Así llegamos al almacén.
Era una mole de madera podrida y tejas de pizarra, con las ventanas tapiadas y la puerta principal herrumbrosa. Pero la marioneta no se detuvo ante la puerta: se deslizó a través de ella como si la madera fuese niebla. El marinero, ebrio y valiente, la empujó y esta cedió con un gemido de ultratumba.
Esperé unos minutos, temblando bajo mi chaqueta, y luego me asomé.
El interior era más vasto de lo que las paredes exteriores permitían suponer. Hileras de pilares desaparecían en una penumbra aceitosa. Y en el suelo, iluminado por una luz que no provenía de ninguna fuente reconocible, yacía el marinero. No estaba muerto, su pecho se alzaba con la respiración, pero sus ojos miraban fijos al techo, y sus labios se movían formando palabras que no lograba articular. Alrededor de él, media docena de marionetas se inclinaban como enfermeras sobre un herido. Una le acariciaba la frente con dedos de trapo. Otra le susurraba al oído con una boca que era solo una raya pintada. Una de ellas, la más horrible, se arrodilló junto a él y comenzó a imitar a un niño que llora: sus hombros se sacudían convulsivamente, pero de su boca no salía gemido alguno, solo el chasquido seco de una mandíbula que se desencajaba al abrirse.
El marinero sonrió. Una sonrisa beatífica, idiota, mientras las lágrimas rodaban por sus mejillas.
Debí huir. Cualquier hombre sensato habría huido. Pero el miedo me había nublado el juicio y una curiosidad malsana, me empujó a seguir. Continue adentrándome en la estructura, y en lugar de las aberraciones que había dejado atrás, encontré otra, y otra más, todas danzando en la penumbra con movimientos que parecían saludos, súplicas, gestos de auxilio.
Seguí aquel macabro teatro durante lo que se me antojaron horas, descendiendo por escaleras de piedra que no recordaba haber pisado nunca, internándome en una cripta que olía a salmuera y a algo más antiguo que la sal. Los gestos se multiplicaban: una anciana que ofrece una taza vacía, un marinero que saluda desde una horca invisible, un padre que abraza a un hijo que no está. Todas las pantomimas eran incorrectas. Las proporciones fallaban. Los codos se plegaban al revés. Las sonrisas duraban demasiado.
Hasta que al final, en la última cámara, la vi.

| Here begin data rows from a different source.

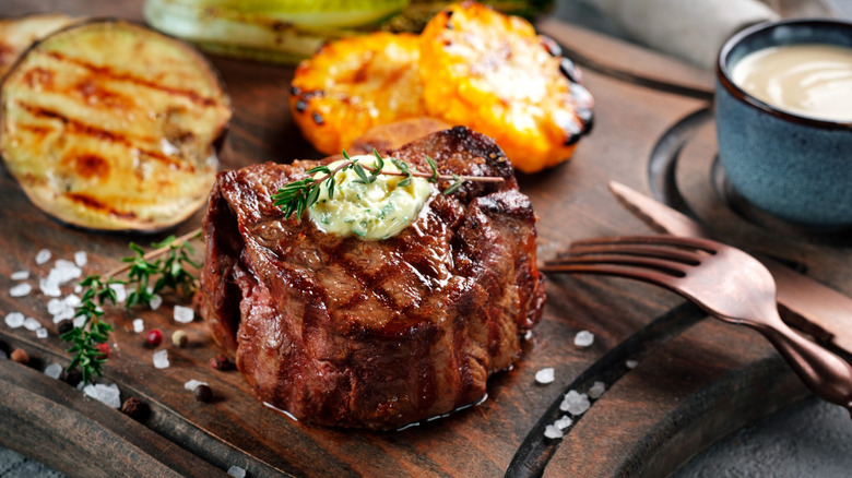 Southwest butter is also excellent on grilled steak. After the steak has been cooked to your liking, add a scoop of southwest butter on top while the steak is resting. The residual heat from the freshly grilled beef should be enough to melt the southwest butter, sending it drizzling down the sides of the steak. Southwest butter is also an easy way to jazz up some rice — simply stir it in to taste after it's cooked and add a punch of flavor. The beauty of southwest butter is that it's highly versatile, so let your imagination run wild.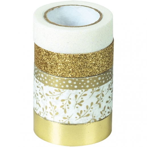 Heyda Dekorationstejp - Glittertejp 5-pack Gold Glossy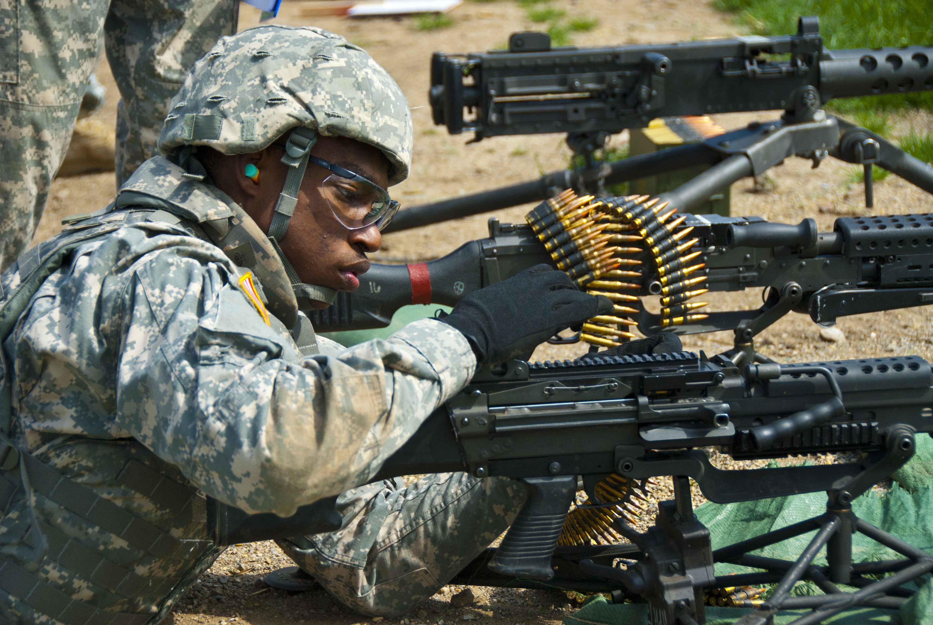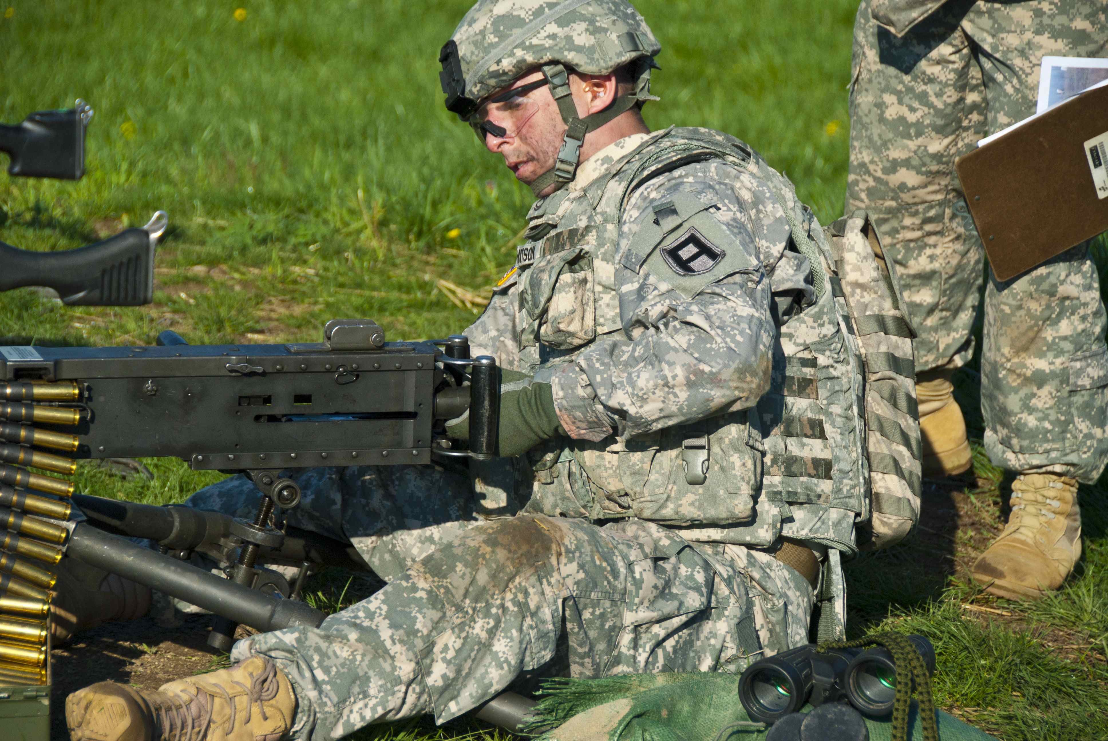 Sgt. 1st Class Bo Whitson makes adjustments before preparing to fire a .50CAL during the First Army Division East Noncommissioned Officer and Soldier of the Year Competition held at Camp Atterbury Joint Maneuver Training Center, Ind. (U.S. Army pho...

La criatura reposaba en un lecho de algas negras y huesos de ballena, su cuerpo informe más próximo al rape abisal que a nada que hubiese surcado la superficie. Su boca era una grieta vertical que palpitaba lentamente, y de ella emergían hilos de carne que se retorcían adoptando formas humanas. Una hilera de marionetas colgaba de su mandíbula superior, cada una gesticulando una súplica distinta: la del ahogado que tiende la mano, la del náufrago que grita, la del niño perdido que llama a su madre.
Y en el centro de todas ellas, reconocí con horror que una de las figuras me imitaba a mí.
No a mi aspecto presente, sino a mí tal como sería si descendiera un paso más. Su rostro era el mío, pero consumido por una espera de siglos. Abría la boca en un gesto que quería ser una advertencia y era, en cambio, una invitación.
Las pantomimas comenzaron a converger hacia mí. Sus pasos eran falsos, sus brazos demasiado largos. Comprendí entonces que nunca había seguido a las figuras: ellas me habían conducido. Y lo que vi en los ojos vacíos de mi doble fue la certeza de que aquel cebo no había sido creado para otro pez sino para mí, para mi soledad, para mi aburrimiento, para mi apatía.
Logré escapar. No pregunten cómo. Arrastrándome, mordiendo, olvidando la mitad de mi cordura en aquellas escaleras. Pero ahora, mientras escribo esta carta a la luz de un cabo de vela en la posada más ruin del puerto, sé que la criatura no necesita perseguirme. Sabe que volveré.
Ya estoy escuchando, allá abajo, el chirrido de sus marionetas ensayando una nueva pantomima, aguardando a un nuevo integrante para su endiablada troupe.